A Nigerian schoolgirl who was among a mass hostage-taking by Islamist militants more than two years ago has been found, officials said Wednesday, marking the first of the more than 200 captives to be recovered since shortly after the abduction.

The girl was discovered wandering in a forest area in northeast Nigeria, not far from the village of Chibok, where the students were seized in April 2014 by the group Boko Haram, authorities and relatives said. The militants’ raid drew international outrage and spawned a global campaign for their release.

The end of the teen’s ordeal is likely to raise hopes that others held by Boko Haram could find freedom.

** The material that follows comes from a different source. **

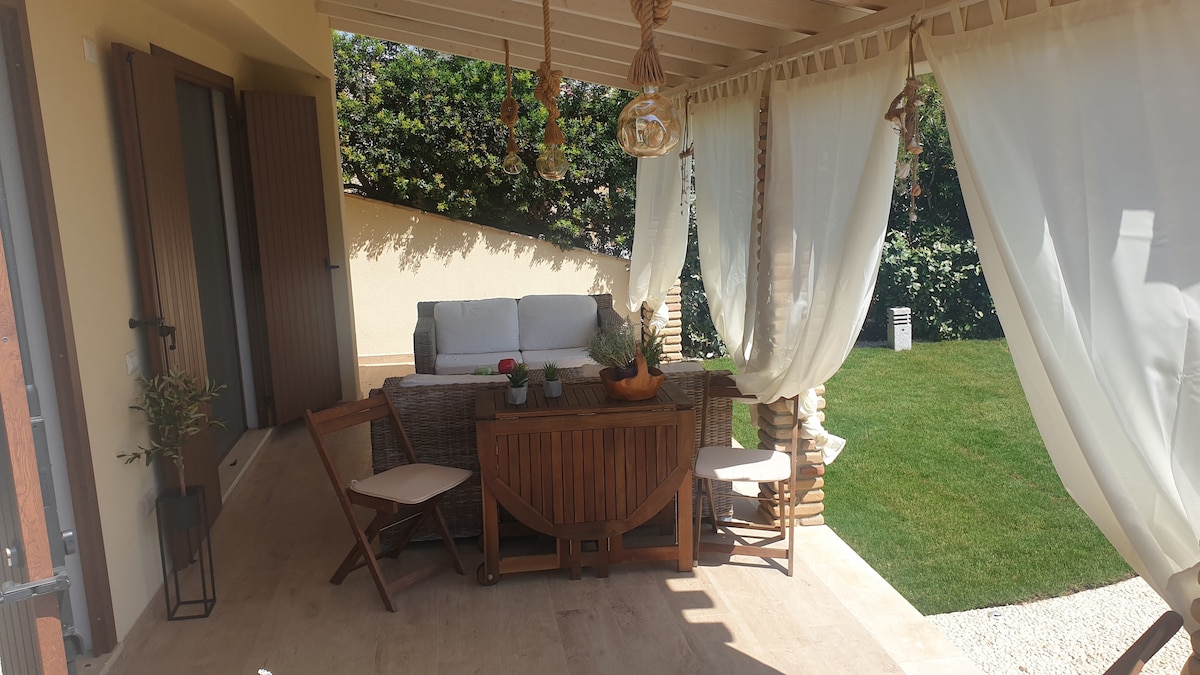 Sara House villino libero su tre lati, inserito in un residence curato di recente costruzione. Dista circa 900m dalla spiaggia, vista mare da mozzare il fiato. La casa è finemente arredata e ben servita, entrando abbiamo una zona giorno open space con cucina abitabile e zona tv, 1 camera matrimoniale, 1 camera con due letti singoli , bagno con doccia . In esterno troviamo un patio grande arredato,doccia con acqua calda, lavatrice, bbq, sdraio e posto auto privato. Giardino di proprietà.

But the militants remain a significant force despite widening military campaigns – backed by U.S. drone surveillance – in Nigeria and surrounding countries including Cameroon and Chad.

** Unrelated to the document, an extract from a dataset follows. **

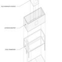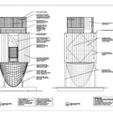 En un extremo de la estructura, las piezas de revestimiento permiten un pequeño balcón para mirar hacia la casa principal; en el extremo opuesto, la fachada se abre a vistas directas hacia el valle del río Hudson. El descenso de vuelta a la tierra es a través de un par de columnas estructurales convertidas en barras de bomberos. La estructura de acero se fabricó fuera del sitio y se trajo en camiones donde se ensamblo con una grúa.

The Associated Press, quoting one of the girl’s uncles, said 19-year-old Amina Ali Nkeki was found by Nigerian soldiers. The uncle, Yakubu Nkeki, said his niece was pregnant and suffering from “trauma,” but he did not elaborate. Other reports suggested she had already given birth.

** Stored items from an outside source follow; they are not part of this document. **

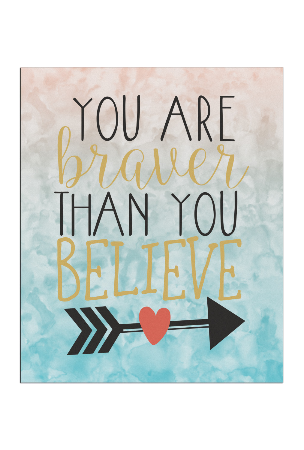 This design features one of our many inspirational quotes. This quote in particular reminds you that "you are braver than you believe." This uplifting quote has beatuiful and playful fonts to create it. An arrow sits below the quote to symbolize the bravery of the heart. The background is a lovely hombre watercolor pattern of teal/turquoise and peach. The calming colors make for a lovely inspirational design.
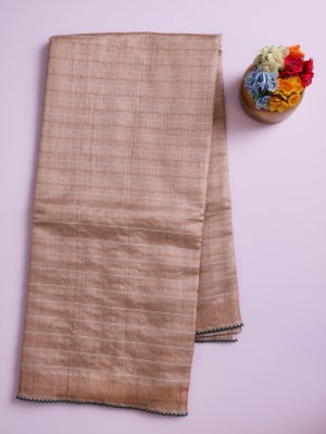 Beige Tussar Silk Saree With Kantha Embroidery
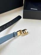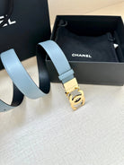 CC 30MM BELT IN STONE BLUE AND BLACK CALFSKIN WITH GOLD HARDWARE

She was among 276 girls – mostly aged 16 to 18 – taken captive at their boarding school as they prepared for an exam. At least 219 remained missing after the others managed to escape soon after the abduction.

In April, a video surfaced purporting to show 15 of the kidnapped girls. One of the girls remarked, “We are all well,” and she encouraged the Nigerian government to meet Boko Haram’s demands, which were not stated.

Since the abduction, activists and others have stirred fears that the girls could face abuse or forced marriages with fighters from Boko Haram.